### WORK INSTRUCTIONS
For this exercise, retype the lines from the one that holds "10 цен на Крылья" through the one that holds "LONDRA – Brutta" in the records below, both included, exactly and without pictures.

### DATA
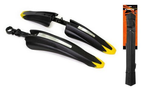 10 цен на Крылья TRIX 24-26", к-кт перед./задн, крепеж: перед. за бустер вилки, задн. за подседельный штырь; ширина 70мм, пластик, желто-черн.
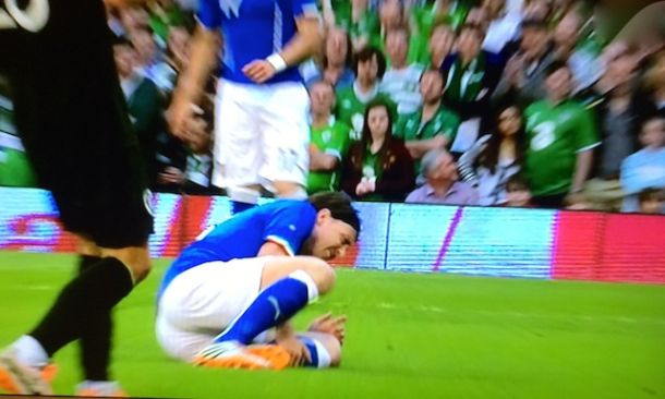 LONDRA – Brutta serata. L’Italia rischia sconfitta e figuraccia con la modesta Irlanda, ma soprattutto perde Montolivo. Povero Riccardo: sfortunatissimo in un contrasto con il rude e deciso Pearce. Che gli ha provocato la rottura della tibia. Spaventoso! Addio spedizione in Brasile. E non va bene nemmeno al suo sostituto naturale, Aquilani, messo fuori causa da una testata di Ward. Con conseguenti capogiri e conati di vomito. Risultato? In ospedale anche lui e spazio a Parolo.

--

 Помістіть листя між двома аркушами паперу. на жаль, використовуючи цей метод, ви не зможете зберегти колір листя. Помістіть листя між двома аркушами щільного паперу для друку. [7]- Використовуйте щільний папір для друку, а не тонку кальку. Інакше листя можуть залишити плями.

### RESPONSE BELOW
 10 цен на Крылья TRIX 24-26", к-кт перед./задн, крепеж: перед. за бустер вилки, задн. за подседельный штырь; ширина 70мм, пластик, желто-черн.
 LONDRA – Brutta serata. L’Italia rischia sconfitta e figuraccia con la modesta Irlanda, ma soprattutto perde Montolivo. Povero Riccardo: sfortunatissimo in un contrasto con il rude e deciso Pearce. Che gli ha provocato la rottura della tibia. Spaventoso! Addio spedizione in Brasile. E non va bene nemmeno al suo sostituto naturale, Aquilani, messo fuori causa da una testata di Ward. Con conseguenti capogiri e conati di vomito. Risultato? In ospedale anche lui e spazio a Parolo.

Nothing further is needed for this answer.